• _Task objective_
An exact copy of the records below is needed, with every picture left out.

• _Material supplied_
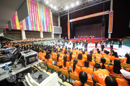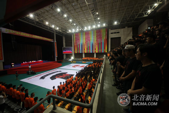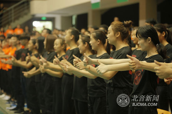 在《北音乐章》的节拍中闭营仪式正式开始,本次闭营仪式由千人齐念校训、爵士集体舞及拓展训练营风采展示几个环节组成,在30分钟的展示中这些新入学的大一新生们充分体现了这次拓展训练营“团结、协作、自信、青春、向上”的训练目的,同时也让我们看到了新一代北音人的精神风貌。
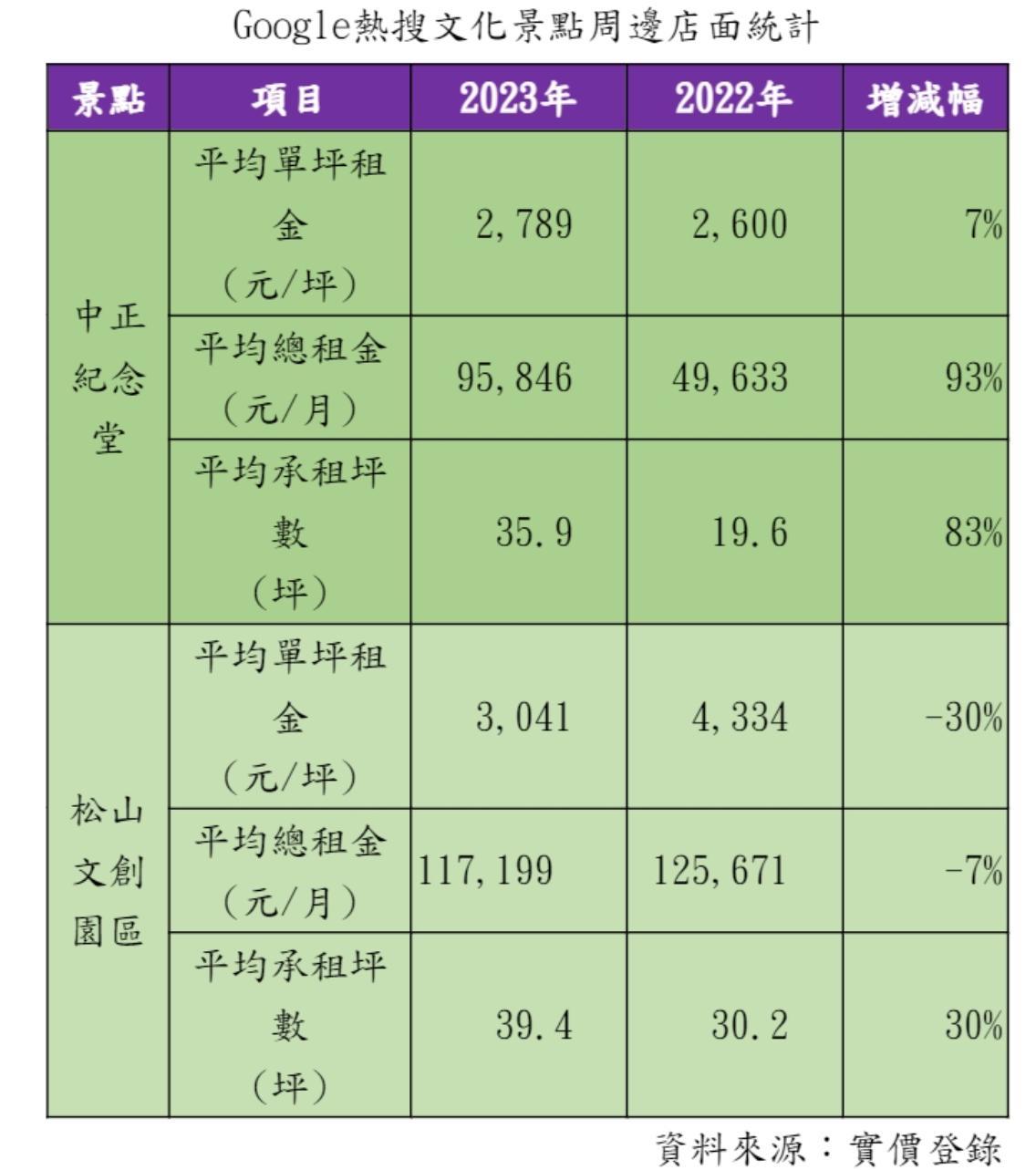 依據實價資料,中正紀念堂周邊店面的平均單坪租金及平均承租面積都有顯著成長,今年平均承租面積大幅增加83%,平均單坪租金年增7%,松山文創園區今年周邊店面承租面積也提高30%,但租金卻下滑30%。大家房屋企劃研究室總監郎美囡分析,觀光、消費人數增加,店家進駐商圈及承租大面積店面的意願提高,中正紀念堂周邊租金不高,故有提升的空間,松山文創先前因一旁的大巨蛋即將啟用,在去年之前已有店家提早布局,今年低單價的租賃較多,因此拉低平均店租。
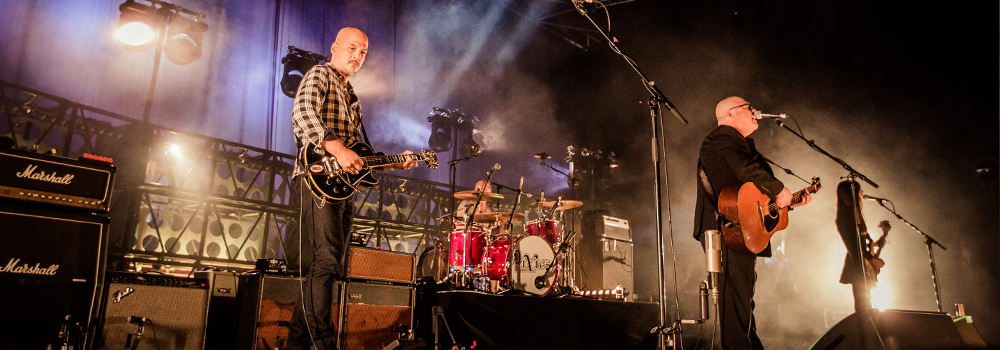 Les Pixies proposent ce soir une prestation intimiste, très sobre voire minimaliste, qui s’incarne d’abord par l’absence de décors sur scène. Celle-ci est compensée par un jeu de lumières travaillé qui met souvent les musiciens en silhouette pour un résultat à la fois simple et esthétique. Elle passe aussi par un jeu de scène et des échanges avec la salle inexistants. Enfin, le parti pris de la sobriété ressort également dans les tenues des musiciens : Black Francis porte un costume noir assorti à des petites lunettes de vue qu’il ne cesse de remettre en place sur son nez alors que Paz Lenchantin revêt une jupette et petit pull noir. Sobriété ne veux pas dire manque d’envie et d’énergie, bien au contraire. Chacun des titres joués ce soir est exécuté à la perfection et dégage une puissance inouïe. Le groupe joue sur les reliefs, alternant subtilement entre douceur et rage.
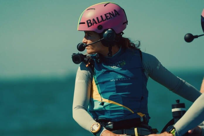 A bicampeã olímpica Martine Grael, primeira mulher a assumir o posto de driver (capitã) de um catamarã F50 na história do SailGP, foi uma das mentoras da clínica de vela Driving Change, voltada para velejadoras de alta performance como forma de dar continuidade ao legado feminino no esporte – crédito: AT Films
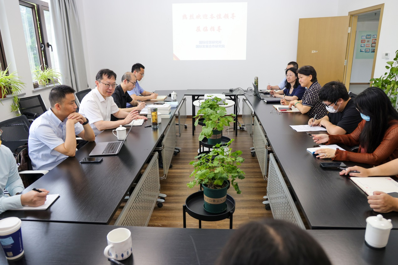 627日上午,校長汪榮明來到國際發展合作研究院調研座談國際發展合作研究院院長黃梅波以及全體在校教職人員參加調研座談會。

• _Expected output_
 在《北音乐章》的节拍中闭营仪式正式开始,本次闭营仪式由千人齐念校训、爵士集体舞及拓展训练营风采展示几个环节组成,在30分钟的展示中这些新入学的大一新生们充分体现了这次拓展训练营“团结、协作、自信、青春、向上”的训练目的,同时也让我们看到了新一代北音人的精神风貌。
 依據實價資料,中正紀念堂周邊店面的平均單坪租金及平均承租面積都有顯著成長,今年平均承租面積大幅增加83%,平均單坪租金年增7%,松山文創園區今年周邊店面承租面積也提高30%,但租金卻下滑30%。大家房屋企劃研究室總監郎美囡分析,觀光、消費人數增加,店家進駐商圈及承租大面積店面的意願提高,中正紀念堂周邊租金不高,故有提升的空間,松山文創先前因一旁的大巨蛋即將啟用,在去年之前已有店家提早布局,今年低單價的租賃較多,因此拉低平均店租。
 Les Pixies proposent ce soir une prestation intimiste, très sobre voire minimaliste, qui s’incarne d’abord par l’absence de décors sur scène. Celle-ci est compensée par un jeu de lumières travaillé qui met souvent les musiciens en silhouette pour un résultat à la fois simple et esthétique. Elle passe aussi par un jeu de scène et des échanges avec la salle inexistants. Enfin, le parti pris de la sobriété ressort également dans les tenues des musiciens : Black Francis porte un costume noir assorti à des petites lunettes de vue qu’il ne cesse de remettre en place sur son nez alors que Paz Lenchantin revêt une jupette et petit pull noir. Sobriété ne veux pas dire manque d’envie et d’énergie, bien au contraire. Chacun des titres joués ce soir est exécuté à la perfection et dégage une puissance inouïe. Le groupe joue sur les reliefs, alternant subtilement entre douceur et rage.
 A bicampeã olímpica Martine Grael, primeira mulher a assumir o posto de driver (capitã) de um catamarã F50 na história do SailGP, foi uma das mentoras da clínica de vela Driving Change, voltada para velejadoras de alta performance como forma de dar continuidade ao legado feminino no esporte – crédito: AT Films
 627日上午,校長汪榮明來到國際發展合作研究院調研座談國際發展合作研究院院長黃梅波以及全體在校教職人員參加調研座談會。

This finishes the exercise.